As we discussed earlier, SSTables are immutable. If Cassandra need to update an existing row, it will add another new row in same SSTable or different SSTable.

When doing compaction, all the tombstones are permanently removed.

There are several compaction strategies.

  1. Size Tiered Compaction Strategy- default one

16) Bloom Filter

Bloom filter is a data structure. It is used to test whether an element is a member of a set. False positive matches are possible and false negative are not. This is extremely very fast.

Cassandra is using bloom filter to check whether requested partition key is available in any of the SSTables without reading existing data of SSTables. By using blooom filter, we can avoid expensive I/O operations.

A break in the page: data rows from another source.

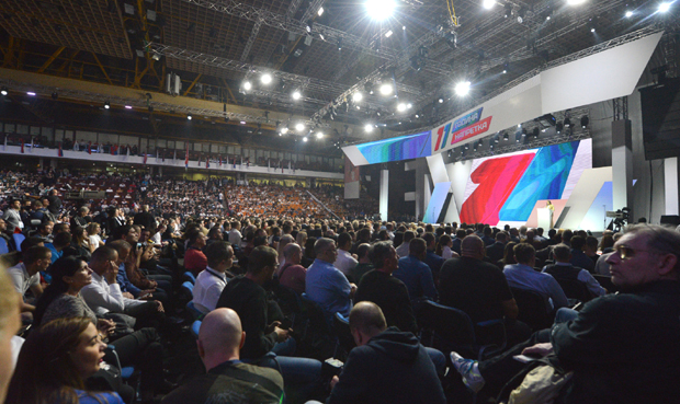 U slavljeničkoj atmosferi, uz zastave Srbije i SNS, u novosadskom Spensu se, prema procenama, okupilo više od 10.000 ljudi, a nekoliko hiljada ostalo je ispred hale, koji će pratiti svečanost preko video-bima.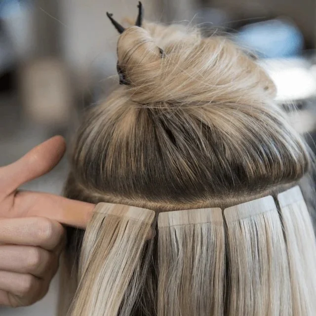 Tape-in extensions a thin extension strips that are affixed by sandwiching your natural hair between two adhesive tabs. They are lightweight and comfortable, providing a natural feel that allows you to go about your daily activities without any hassle. Our tape-ins provide a seamless blend, giving you the voluminous and glamorous hair you've always dreamed of. Designed to last, these extensions can be comfortably worn for up to 8 weeks, allowing you to enjoy long-lasting transformation. One of the key benefits of our tape-in extensions is their reusability. You can reuse these extensions up to three times, making them a cost-effective choice without compromising on quality. Installations for hair purchased outside of the salon are subject to a $30 additonal cost per pack (10 sandwiches).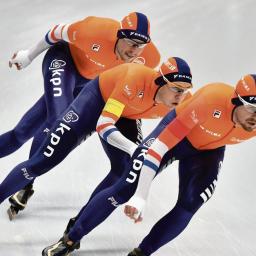 Sven Kramer, Douwe de Vries en Marcel Bosker verdedigden de titel van twee jaar geleden. De Nederlandse vrouwen wonnen zilver.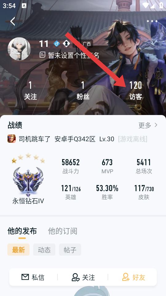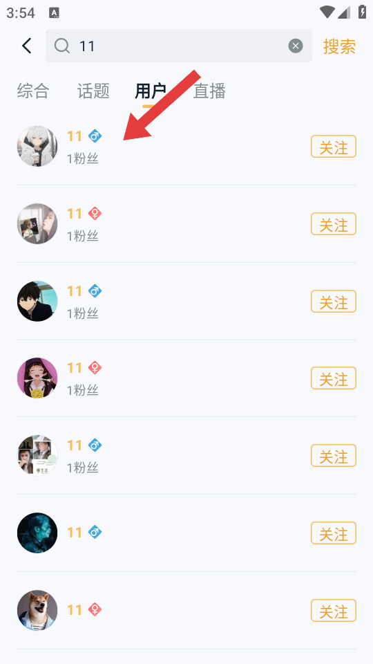 1、打开王者营地APP,需要搜索你需要访问的目标用户如示例中搜索11,进入其个人主页。

There are corresponding bloom filers in memory per each SSTables.

17) Cassandra Consistency

This is concept of CAP theorem. We can configure consistency for a session or per individual read and write operation.

So we can improve consistency level using below strategies.

Write consistency level

  • Any- a write must succeed on any available node.(Highest availability)

quorum nodes = (replication factor/2) + 1

  • Local Quorum- a write must succeed on a quorum of replica nodes in the same data center as the coordinator nodes.

Read consistency level

  • One- reads from the closest node holding the data.